-- WHAT NEEDS TO BE DONE --
All of the data, word for word and free of pictures, is the expected result.

*** Opening RECORDS FOR THIS TASK ***

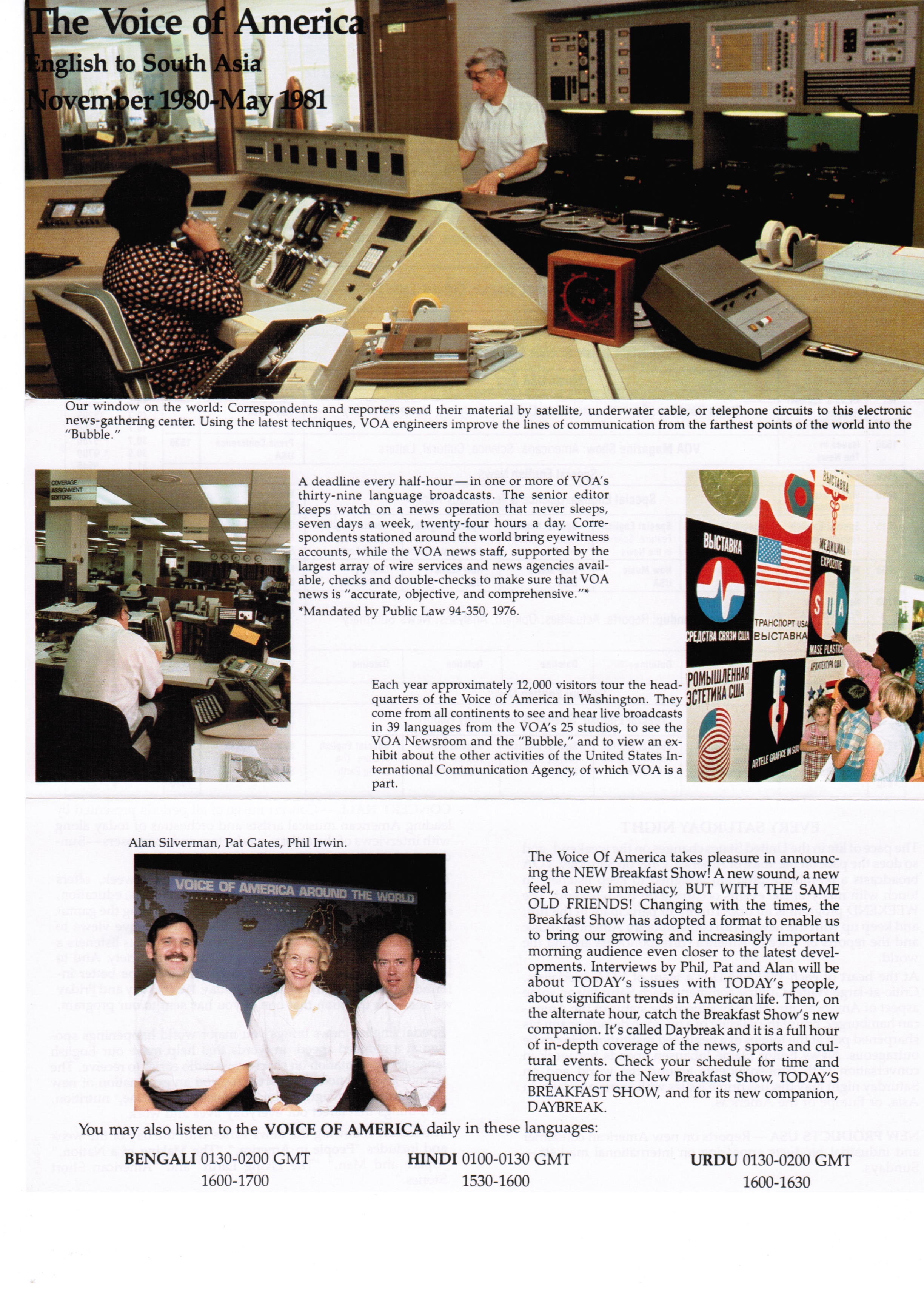 The Voice Of America takes pleasure in announcing the NEW Breakfast Show! A new sound, a new feel, a new immediacy, BUT WITH THE SAME OLD FRIENDS! Changing with the times, the Breakfast Show has adopted a format to enable us to bring our growing and increasingly important morning audience even closer to the latest developments. Interviews by Phil, Pat and Alan will be about TODAY’S issues with TODAY’S people, about significant trends in American life. Then, on the alternate hour, catch the Breakfast Show’s new companion. It’s called Daybreak and it is a full hour of in-depth coverage of the news, sports and cultural events. Check your schedule for time and frequency for the New Breakfast Show, TODAY’S BREAKFAST SHOW, and for its new companion, DAYBREAK.
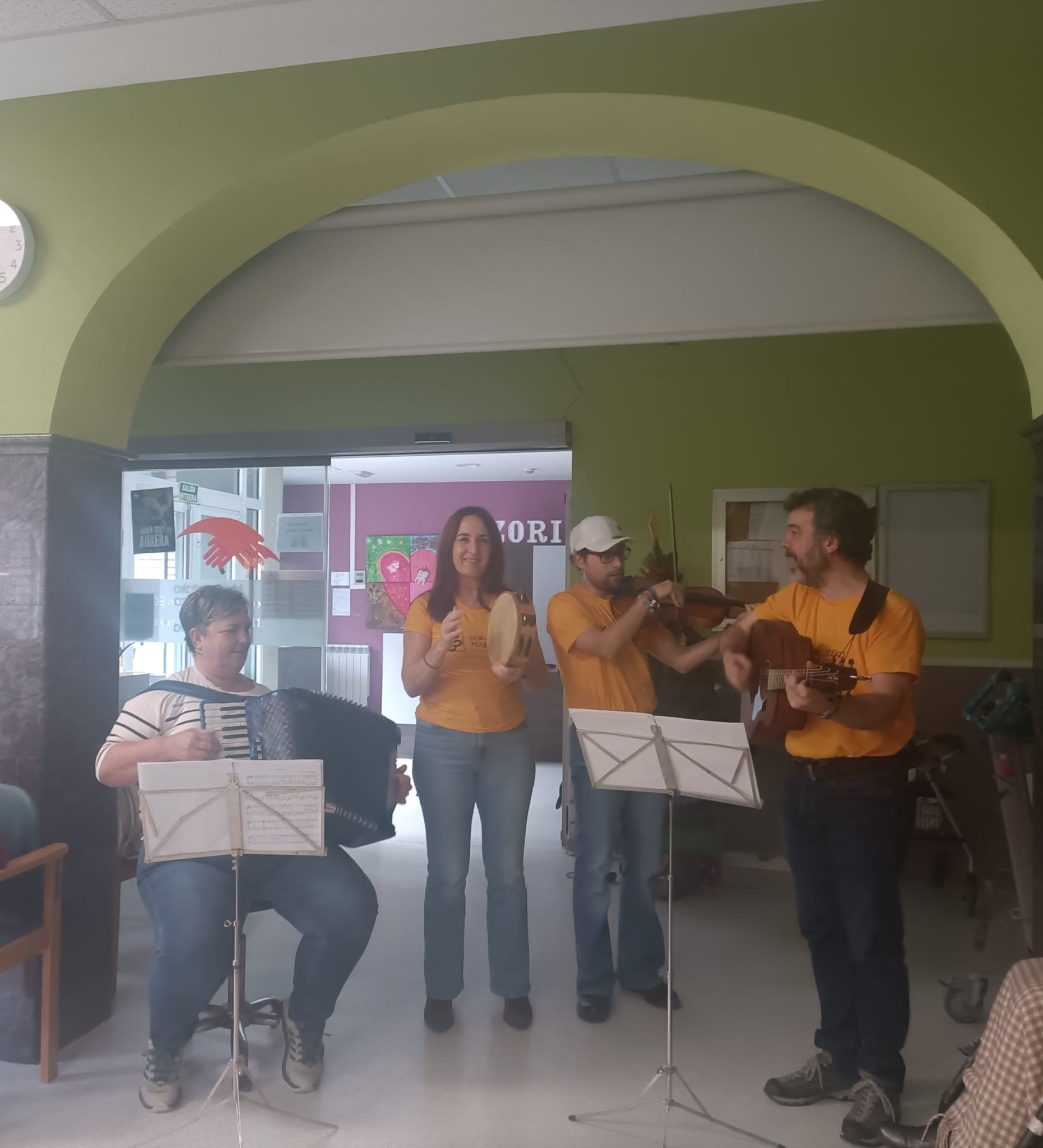 Ohiturari jarraituz, Gabon Kontzertuko egunean, bisita berezia egiten dugu Musika Eskolako Irakasleak. Ahal dugunok behintzat, Gabon Kantak abestera joan ohi gara. Perkusio txikiko instrumentuak eramaten ditugu eta egoiliarrekin batera Euskeraz zein erderaz, gabon kanten erritmora saio eder bat egiten dugu. Eskerrikasko Egoitzako langileei "piskokabis" txikiagatik! Eta Ande Ande la Marimorena edo Olentzero eta Gabon Gaboneterekin pandero eta txintxarriak ederki astindu zituzteneri! Datorren urterarte!
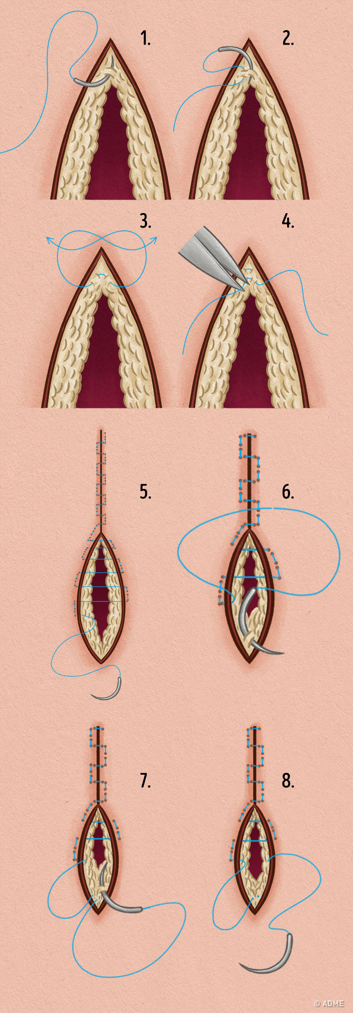 Якщо ви поранилися, то в стандартній аптечці є спеціальна нитка і вигнута голка, щоб зашити рану. Але далеко не всі вміють правильно це робити. Видів стібків для різних ран багато, але, щоб надати швидку допомогу, достатньо знати хоча б один.
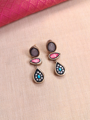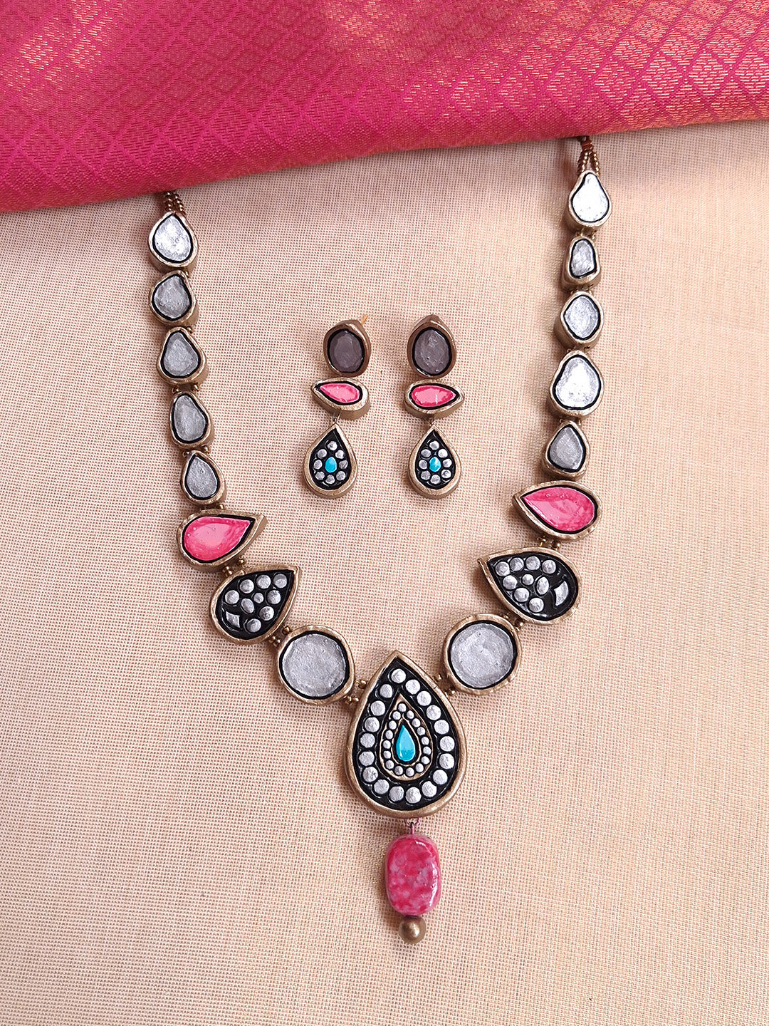 Terracotta Teardrop Pendant Necklace with Multicolor Detailing with Earrings
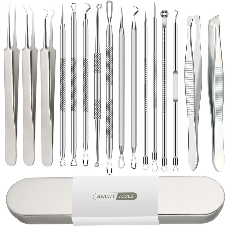 16 PCS Pimple Popper Tool Kit, Blackhead Remover Tools, Acne Extractor Tool, Cyst Removal Tool, Professional Stainless Steel Tweezers for Eyebrows Pimple Blemish Hair Removal, Tools for Beauty Salons
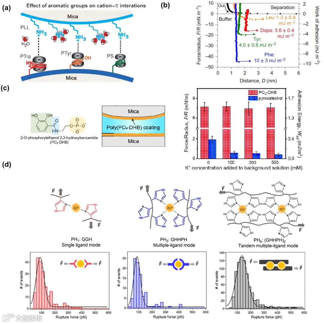 图2. 贻贝启发的阳离子-π、阴离子-π阳离子和组氨酸-金属配位作用。
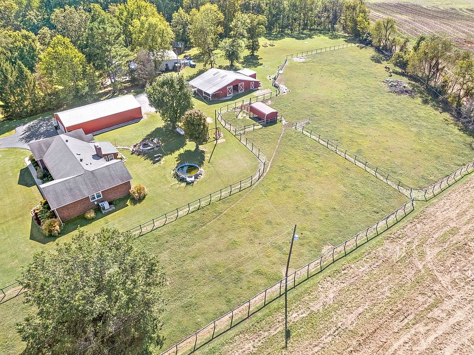 Beautiful brick ranch home nestled on a mini horse farm with 4 acres of lush pasture. This charming property features 3 bedrooms, 2 baths, a spacious family room, and a large kitchen. The primary bedroom boasts a walk-in closet, and the living room offers built-ins for added convenience. Enjoy the elegance of a gorgeous winding paved driveway leading to a 2-car garage with an extra storage closet. Perfect for equestrian enthusiasts, the property includes a 5-stall barn with a tack room, hay storage, and both electricity and water. The 7-strand high tensile fencing, which can be electrified, ensures the property is cross-fenced for easy management, complete with a loafing shed for shelter and a pond. A 30x60 shop provides extra space for projects, while the fire pit area and above-ground pool are perfect for relaxing and entertaining. This home offers the perfect balance of comfort and country living!
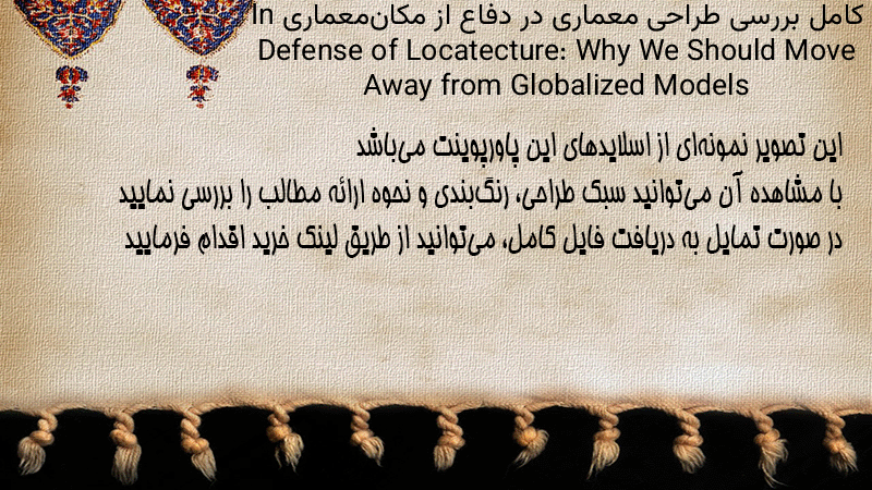 پاورپوینت کامل بررسی طراحی معماری در دفاع از مکانمعماری In Defense of Locatecture: Why We Should Move Away from Globalized Models
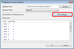 You can also disable a filter by deselecting the [Set filters for filtering records] check box in the [Database Connection/Settings] dialog box.
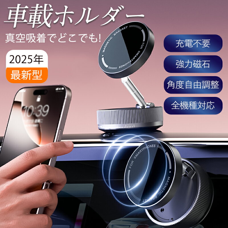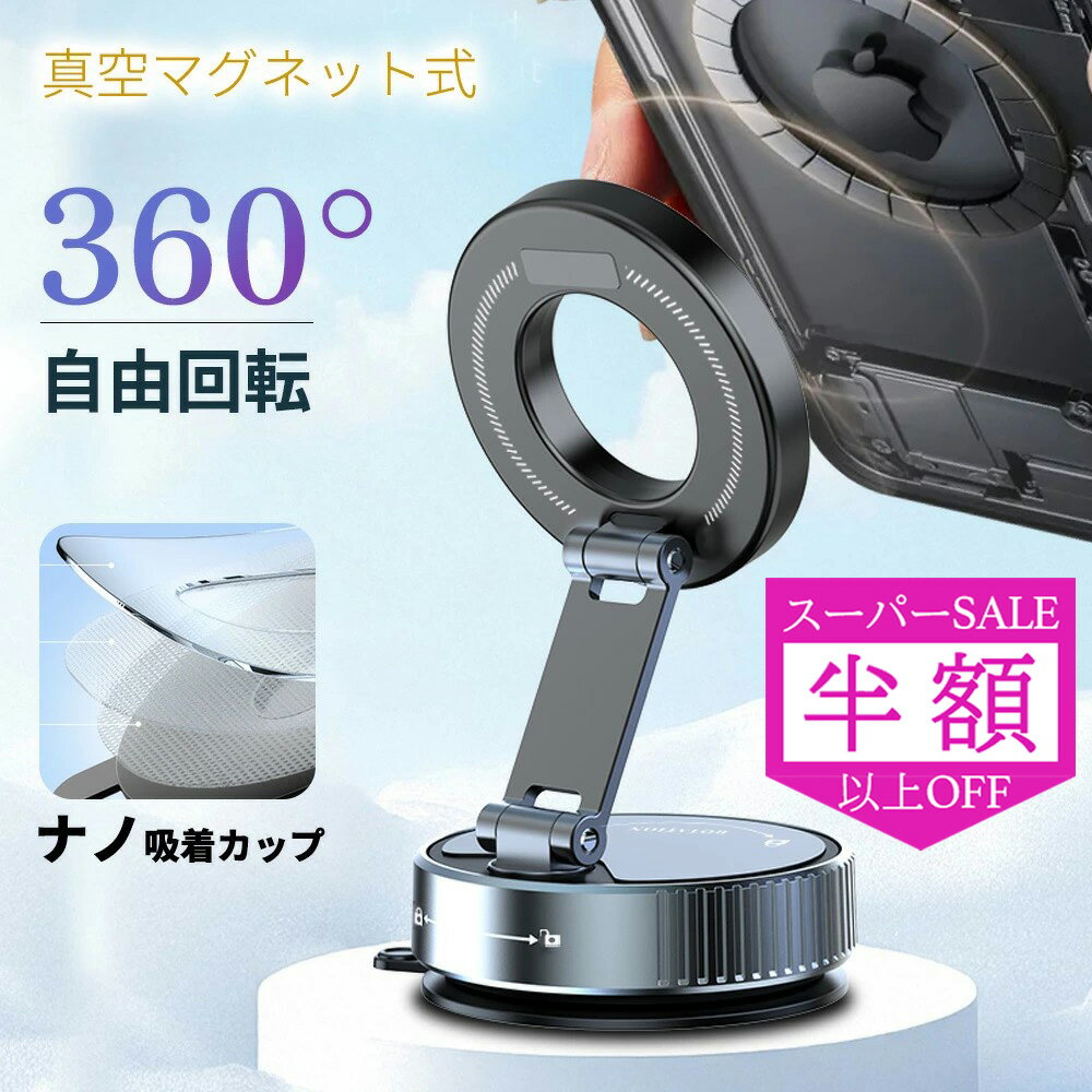 【スーパーSALE期間限定:2,480円→2,180円!】車載ホルダー スマホホルダー 携帯ホルダー スマホスタンド 真空 磁石 マグネット式 magsafe ダッシュボード 卓上 折りたたみ 車載 吸着

*** Closing RECORDS FOR THIS TASK ***

-- OUTPUT OF THE TASK --
 The Voice Of America takes pleasure in announcing the NEW Breakfast Show! A new sound, a new feel, a new immediacy, BUT WITH THE SAME OLD FRIENDS! Changing with the times, the Breakfast Show has adopted a format to enable us to bring our growing and increasingly important morning audience even closer to the latest developments. Interviews by Phil, Pat and Alan will be about TODAY’S issues with TODAY’S people, about significant trends in American life. Then, on the alternate hour, catch the Breakfast Show’s new companion. It’s called Daybreak and it is a full hour of in-depth coverage of the news, sports and cultural events. Check your schedule for time and frequency for the New Breakfast Show, TODAY’S BREAKFAST SHOW, and for its new companion, DAYBREAK.
 Ohiturari jarraituz, Gabon Kontzertuko egunean, bisita berezia egiten dugu Musika Eskolako Irakasleak. Ahal dugunok behintzat, Gabon Kantak abestera joan ohi gara. Perkusio txikiko instrumentuak eramaten ditugu eta egoiliarrekin batera Euskeraz zein erderaz, gabon kanten erritmora saio eder bat egiten dugu. Eskerrikasko Egoitzako langileei "piskokabis" txikiagatik! Eta Ande Ande la Marimorena edo Olentzero eta Gabon Gaboneterekin pandero eta txintxarriak ederki astindu zituzteneri! Datorren urterarte!
 Якщо ви поранилися, то в стандартній аптечці є спеціальна нитка і вигнута голка, щоб зашити рану. Але далеко не всі вміють правильно це робити. Видів стібків для різних ран багато, але, щоб надати швидку допомогу, достатньо знати хоча б один.
 Terracotta Teardrop Pendant Necklace with Multicolor Detailing with Earrings
 16 PCS Pimple Popper Tool Kit, Blackhead Remover Tools, Acne Extractor Tool, Cyst Removal Tool, Professional Stainless Steel Tweezers for Eyebrows Pimple Blemish Hair Removal, Tools for Beauty Salons
 图2. 贻贝启发的阳离子-π、阴离子-π阳离子和组氨酸-金属配位作用。
 Beautiful brick ranch home nestled on a mini horse farm with 4 acres of lush pasture. This charming property features 3 bedrooms, 2 baths, a spacious family room, and a large kitchen. The primary bedroom boasts a walk-in closet, and the living room offers built-ins for added convenience. Enjoy the elegance of a gorgeous winding paved driveway leading to a 2-car garage with an extra storage closet. Perfect for equestrian enthusiasts, the property includes a 5-stall barn with a tack room, hay storage, and both electricity and water. The 7-strand high tensile fencing, which can be electrified, ensures the property is cross-fenced for easy management, complete with a loafing shed for shelter and a pond. A 30x60 shop provides extra space for projects, while the fire pit area and above-ground pool are perfect for relaxing and entertaining. This home offers the perfect balance of comfort and country living!
 پاورپوینت کامل بررسی طراحی معماری در دفاع از مکانمعماری In Defense of Locatecture: Why We Should Move Away from Globalized Models
 You can also disable a filter by deselecting the [Set filters for filtering records] check box in the [Database Connection/Settings] dialog box.
 【スーパーSALE期間限定:2,480円→2,180円!】車載ホルダー スマホホルダー 携帯ホルダー スマホスタンド 真空 磁石 マグネット式 magsafe ダッシュボード 卓上 折りたたみ 車載 吸着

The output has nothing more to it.